The starting position and strategy used by UT Austin Villa for the passing and scoring challenge is shown in Fig. 3. Whichever agent is closest to the ball passes the ball to a position about a meter in front of the next farthest agent from the goal as shown by the yellow arrows in Fig. 3. Once the ball has been sequentially passed forward between agents and the agent closest to the goal receives the ball, that agent kicks the ball in the goal as shown by the pink arrow in Fig. 3. When agents are not the closest agent to the ball they just stand in place.

Fig. 3.
figure 3

Starting positions and strategy for the passing and scoring challenge. Yellow arrows represent passes between agents and the pink arrow represents a shot on goal. (Color figure online)

Table 6 shows the results of the passing and scoring challenge where teams were ranked by the average score of a team’s best (lowest) three out of four trials. UT Austin Villa won the challenge with an average score/time of less than 20. Each of UT Austin Villa’s passing and scoring challenge trial scores were better than all the scores of other teams’ trials.

Table 6. Scores for each of the teams competing in the passing and scoring challenge.

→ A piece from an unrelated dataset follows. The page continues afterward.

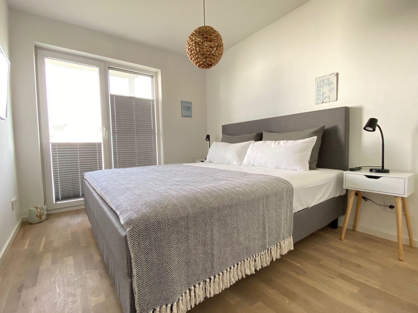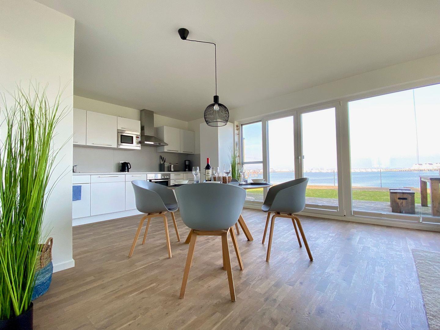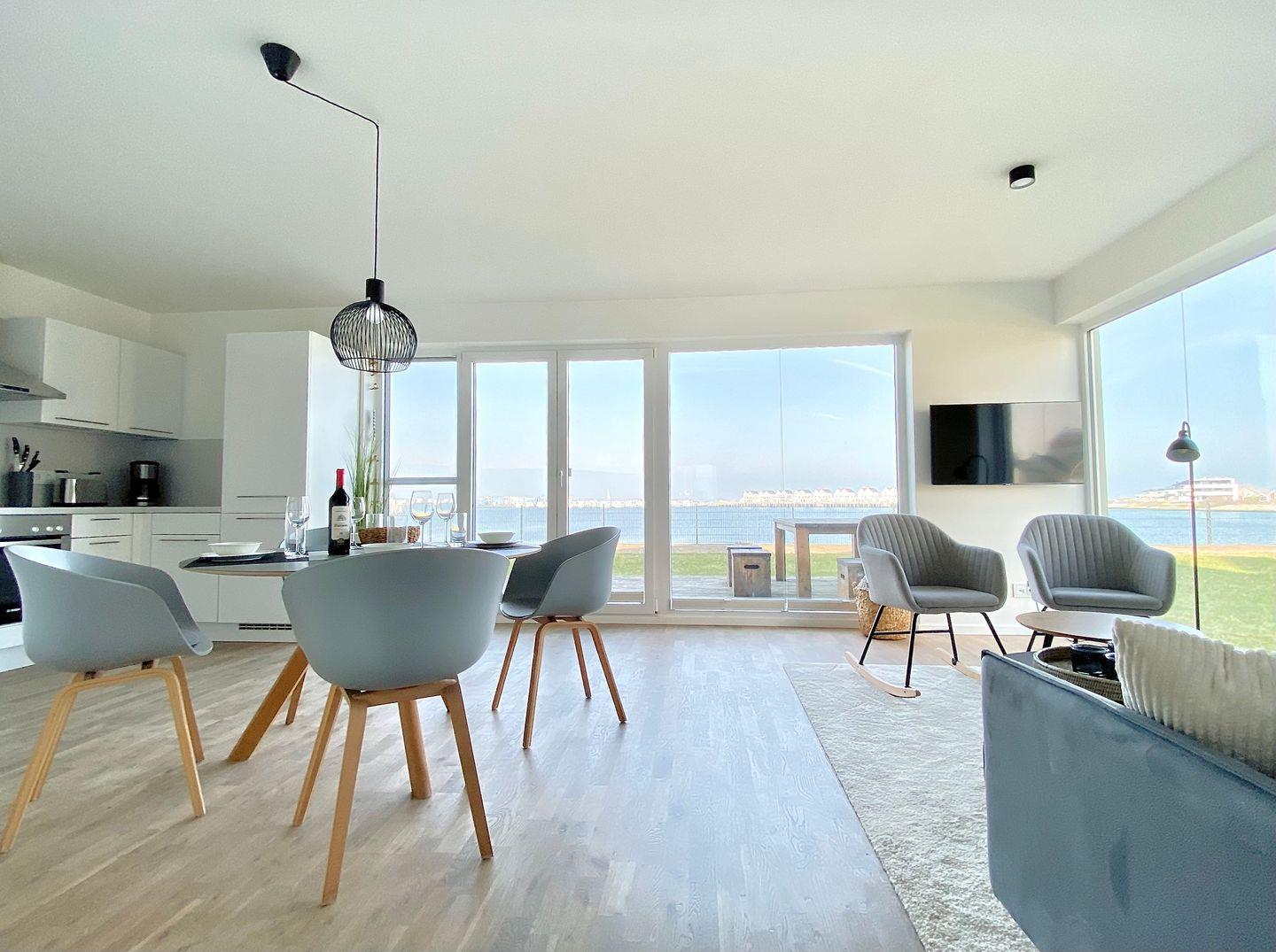 Herzlich willkommen in der traumhaften Ferienwohnung "Pier 21" mit atemberaubendem Meerblick in Olpenitz! Hier erwartet Sie auf großzügigen 83m² ein Urlaubserlebnis der Extraklasse mit einem offenen Wohn- und Essbereich, einer vollausgestatteten Küche, zwei Schlafzimmern, einem luxuriösen Badezimmer und einer einladenden Terrasse. Der Wohnbereich ist ein Rückzugsort, um dem Alltag zu entfliehen und inmitten einer entspannten Atmosphäre zur Ruhe zu kommen. In der vollausgestatteten Küche können Sie nach Lust und Laune kulinarische Meisterwerke zaubern und die köstlichen Mahlzeiten dann entweder am Esstisch oder auf der malerischen Sonnenterrasse genießen, die Ihnen einen atemberaubenden Blick auf das Meer bietet. Für unsere kleinen Gäste stehen ein Kinderreisebett und ein Kinderhochstuhl bereit, damit auch die jüngsten Familienmitglieder einen komfortablen Aufenthalt genießen können. Die beiden Schlafzimmer der Ferienwohnung versprechen erholsamen Schlaf – beide sind mit großzügigen Doppelbetten (180x200cm) ausgestattet, eins davon verfügt über einen Smart-TV. Beide Schlafzimmer sind mit Insektenschutzgittern versehen, um ruhige Nächte zu garantieren. Im Badezimmer erwartet Sie neben einem Handtuchtrockner und einem Föhn, eine luxuriöse Whirlwanne sowie das Highlight – eine Infrarot-Sauna! Hier können Sie nach langen Strandspaziergängen oder aufregenden Ausflügen Ihre Sinne verwöhnen und vollkommen abschalten. Die Terrasse lädt zu gemütlichen Sommerabenden unter freiem Himmel ein, wo Sie die frische Ostseeluft und den Meerblick in vollen Zügen genießen können. Tagsüber bietet sich dieser Ort auch perfekt für entspannte Lesestunden an.

5.3 Gazebo Running Challenge

Ongoing work within the RoboCup community is the development of a pluginFootnote 6 for the Gazebo [17] robotics simulator to support the RoboCup 3D Simulation League. As such, a challengeFootnote 7 was held where robots attempt to walk forward as fast as possible for 20 s in the Gazebo simulator without falling. In preparation for the challenge UT Austin Villa optimized fast walking parameters for the team’s omnidirectional walk engine [18] within the Gazebo simulator using the CMA-ES algorithm [12]. Walk engine parameters were optimized for 300 generations of CMA-ES with a population size of 150.

Results of the Gazebo running challenge are shown in Table 7. Each participating team performed four running attempts and were scored by the average forward walking speed across their three best attempts. UT Austin Villa won the challenge with all of the team’s runs having a speed of over 1.15 m/s. Each of UT Austin Villa’s running attempt speeds were greater than all other teams’ attempts. UT Austin Villa also won this same challenge at RoboCup 2016 [5].

Table 7. Speed in meters per second for each of the teams competing in the Gazebo running challenge.

6 Conclusion

UT Austin Villa won the 2017 RoboCup 3D Simulation League main competition as well as all technical league challengesFootnote 8. Data taken using released binaries from the competition show that UT Austin Villa winning the competition was statistically significant. The 2017 UT Austin Villa team also improved dramatically from 2016 as it was able to beat the team’s 2016 champion binary by an average of 1.339 (±0.039) goals across 1000 games.

In an effort to both make it easier for new teams to join the RoboCup 3D Simulation League, and also provide a resource that can be beneficial to existing teams, the UT Austin Villa team has released their base code [19]Footnote 9. This code release provides a fully functioning agent and good starting point for new teams to the RoboCup 3D Simulation League (it was used by six teams at the 2017 competition: AIUT3D, HfutEngine3D, KgpKubs, Miracle3D, Nexus3D, and RIC-AASTMT). Additionally the code release offers a foundational platform for conducting research in multiple areas including robotics, multiagent systems, and machine learning.